In short, decision tree is a multi-classification model that uses tree model to make decisions.
In order to find the optimal segmentation feature, we need to know some information theory knowledge first:
Purity:
You can understand the construction process of decision tree as the process of finding pure division. Mathematically, we can express purity, and another way to explain purity is to minimize the difference of target variables.
The uncertainty of information.
In information theory, the probability of random discrete events is uncertain. To measure the uncertainty of this information, Shannon, the father of informatics, introduced the concept of information entropy.
The greater the uncertainty, the greater the information content and the higher the information entropy.
The greater the information entropy, the lower the purity. When all the samples in the set are mixed evenly, the information entropy is the largest and the purity is the lowest.
There are three classical indicators of "impurities", namely information gain (ID3 algorithm), information gain rate (C4.5 algorithm) and Gini index (Cart algorithm).
Information gain:
Information gain means that division can improve purity and reduce information entropy. Its calculation formula is the information entropy of the parent node minus the information entropy of all the child nodes.
Information gain rate
Information gain rate = information gain/attribute entropy
gini index
Gini index (Gini impurity): indicates the probability that randomly selected samples in the sample set are wrongly classified.
That is, Gini index (Gini impurity) = probability of sample being selected * probability of sample being misclassified.

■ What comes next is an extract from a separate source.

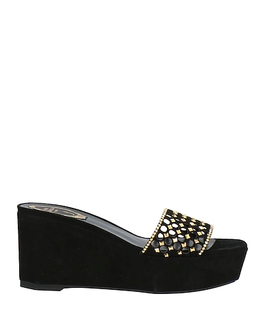 slide sandals, suede, crystals, cutout, plain colour with appliqués, leather lining, square toe, wedge heel, rubber sole, contains non-textile parts of animal origin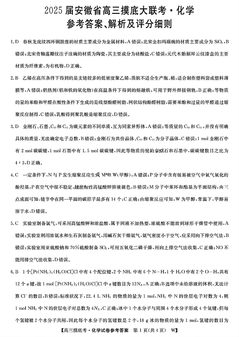 安徽皖江名校联盟2025届高三11月摸底大联考 化学答案

The property of Gini coefficient is the same as information entropy: it measures the uncertainty of random variables;
The greater the g, the higher the uncertainty of the data;
The smaller the g, the lower the uncertainty of the data;
G = 0, all samples in the dataset belong to the same category.
Detailed reference: machine learning-Gini index
ID3 algorithm is based on Occam razor (you can get things done with less things): the smaller the decision tree, the better it is.
The core of ID3 algorithm is to select the features to be divided according to the information gain of each node of the decision tree, and then recursively construct the decision tree. The algorithm uses top-down greedy search to traverse the possible decision tree space.
Specific methods:
Limitations of ID3:
C4.5 is similar to ID3, but its major feature is that it overcomes the shortcoming of ID3' s emphasis on the number of features and introduces the information gain rate as the classification standard.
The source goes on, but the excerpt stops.